3. Fifty years later, we know everything we’ll ever know about Kennedy’s assassination.

“Even a half-century later, we don’t have the complete story. This is because many government documents remain classified and hidden. Reputable groups and individuals have estimated that there are 1,171 unreleased CIA documents concerning Nov. 22, 1963. The Center for Effective Government has even claimed that there may be more than 1 million unseen CIA records related to Kennedy’s assassination. No one can close the book on this subject without examining them.

The Assassination Records Collection Act, signed by President George H.W. Bush in 1992, requires that all remaining documents about the Kennedy assassination be released by Oct. 26, 2017. The next president will rule on any requests from the CIA and other agencies that materials be withheld or redacted after 2017. Under the law, the president can do so only if there is ‘identifiable harm to military, defense, intelligence operations, or conduct of foreign relations, and the identifiable harm is of such gravity that it outweighs the public interest in disclosure.’ ”

When it comes to the many theories regarding Kennedy’s assassination, Sherlock Holmes words ring true: “Insensibly one begins to twist facts to suit theories, instead of theories to suit facts.” And facts themselves have become so malleable over the last 50 years that new theories are spawned (or spun) every year.

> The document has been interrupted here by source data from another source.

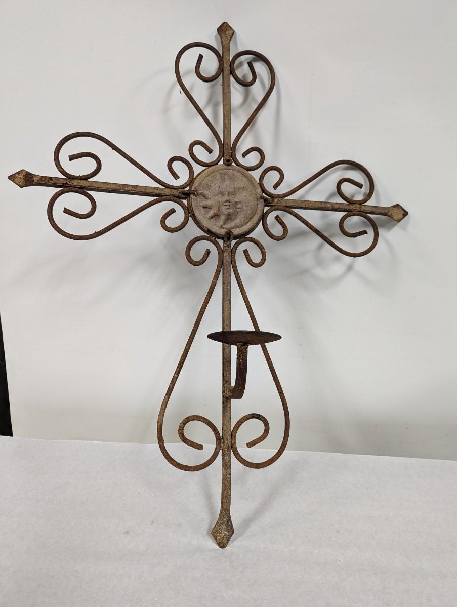 Cast Iron Wall Sun/Moon Candle Holder
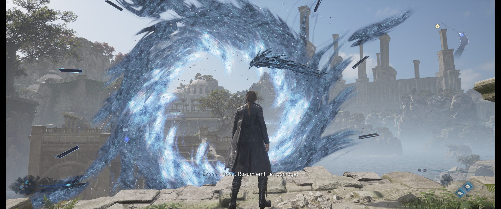 Trochę lepiej robi się po połączeniu z Areną, dzięki czemu zyskujemy dostęp do postawy miecza jednoręcznego. Starcia stają się znacznie bardziej dynamiczne, a unik i blok wykonane w idealnym momencie skutkują widowiskowymi kontrami.
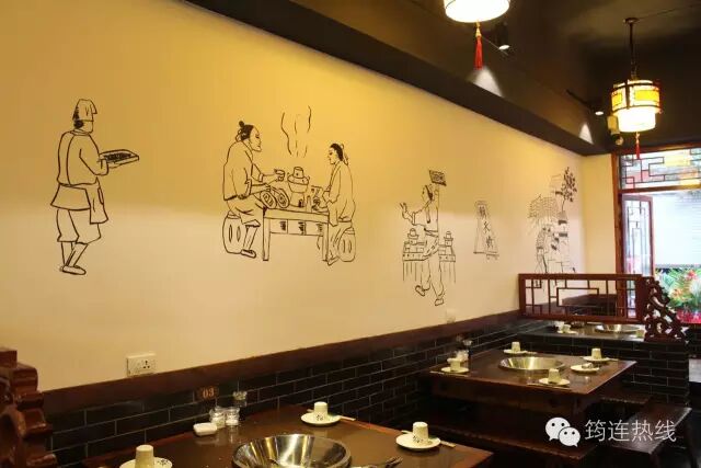 朝天娇火锅的包间的命名更是将地域文化发挥到了极致,不信我们来看一看,其包间共有六个厅,分别是筠连厅、巡司厅、沐爱厅、塘坝厅、双腾厅、民主厅,在每个厅的墙壁上绘有古代人不同的就餐素描,而且在每副画的旁边,有一句很有意思的对子。
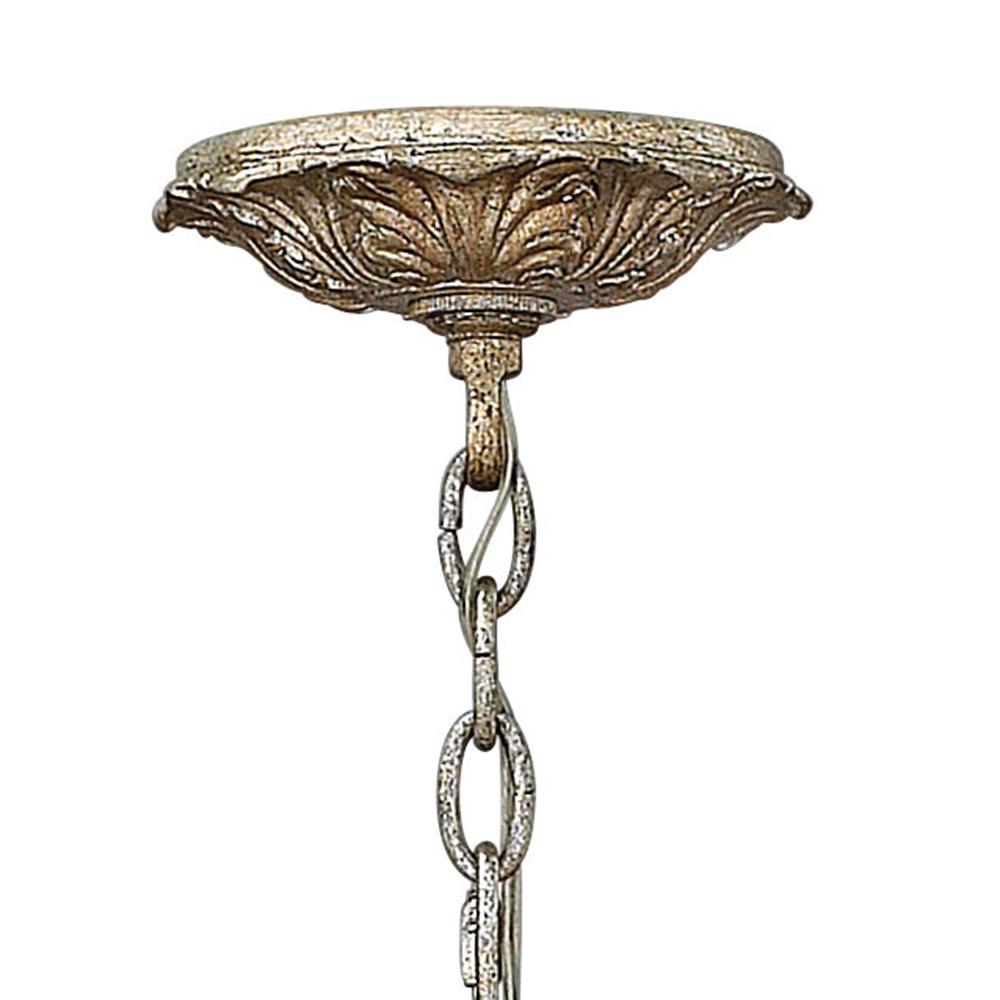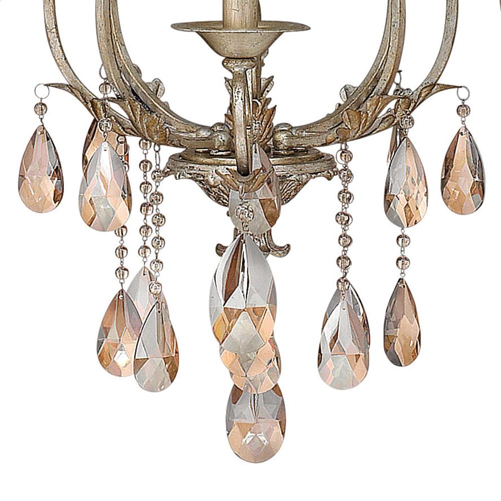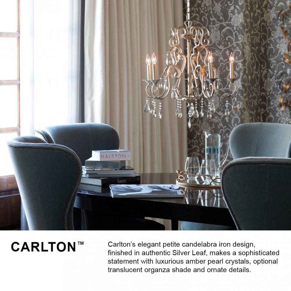 Carlton's elegant petite candelabra iron design, finished in authentic Silver Leaf, makes a sophisticated statement with luxurious amber pearl crystals, optional translucent organza shade and ornate details.
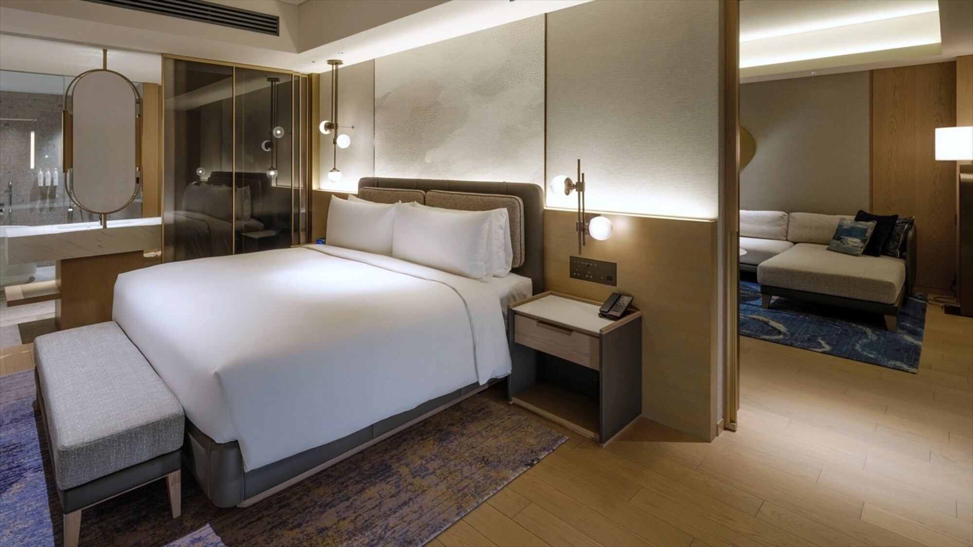 西九州新幹線かもめをご覧いただける客室です。長崎の玄関口である長崎駅や市街地を広く望んでいただけます。キングベッド+ソファベッドで最大3名様までご宿泊可能です。
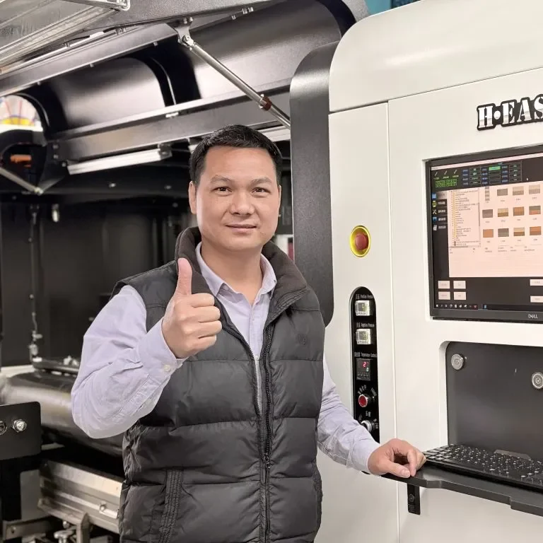 H·EASY designs and builds digital textile printers in China. With in-house R&D, full-machine manufacturing, and field-service know-how, we deliver DTG, DTF, and roll-to-roll platforms that move brands and factories from sampling to stable production—faster and at a lower total cost of ownership. Our traceable QC, ΔE color audits, and 72-hour burn-in turn reliability into measurable results.

On Thursday, November 21, Reeves reports that the President and Mrs. Kennedy flew to Texas along with Vice President Johnson. “Kennedy wanted to look like the leader of a unified Democratic Party, particularly in Texas where he already had enough troubles. He called Kenny O’Donnell and told him his job that day was to make sure that Vice President Johnson and Senator Ralph Yarborough, political adversaries for decades, rode in the same car. ‘I don’t care if you have to throw Yarborough into the car with Lyndon, get him in there.’ ”

Reading the Dallas Morning News, the President noticed a full-page ad paid by a group of right-wing businessmen “…asking the President twelve loaded questions including: ‘Why did you host, salute and entertain Tito – Moscow’s Trojan Horse…?’ and ‘Why has the Foreign Policy of the United States degenerated to the point that the CIA is arranging coups and having staunch Anti-Communist Allies of the U.S. bloodily exterminated?’

” ‘We’re heading into nut country today,’ Kennedy said when he saw the ad. But the reception certainly seemed friendly when he looked out the [hotel] window again at the platform from which he would be speaking in a few minutes. ‘Look at that platform,’ he said to O’Donnell. ‘With all these buildings around it, the Secret Service couldn’t stop someone who really wanted to get you.”

On November 20 and 21, I was preparing for a much-dreaded Algebra test on Friday.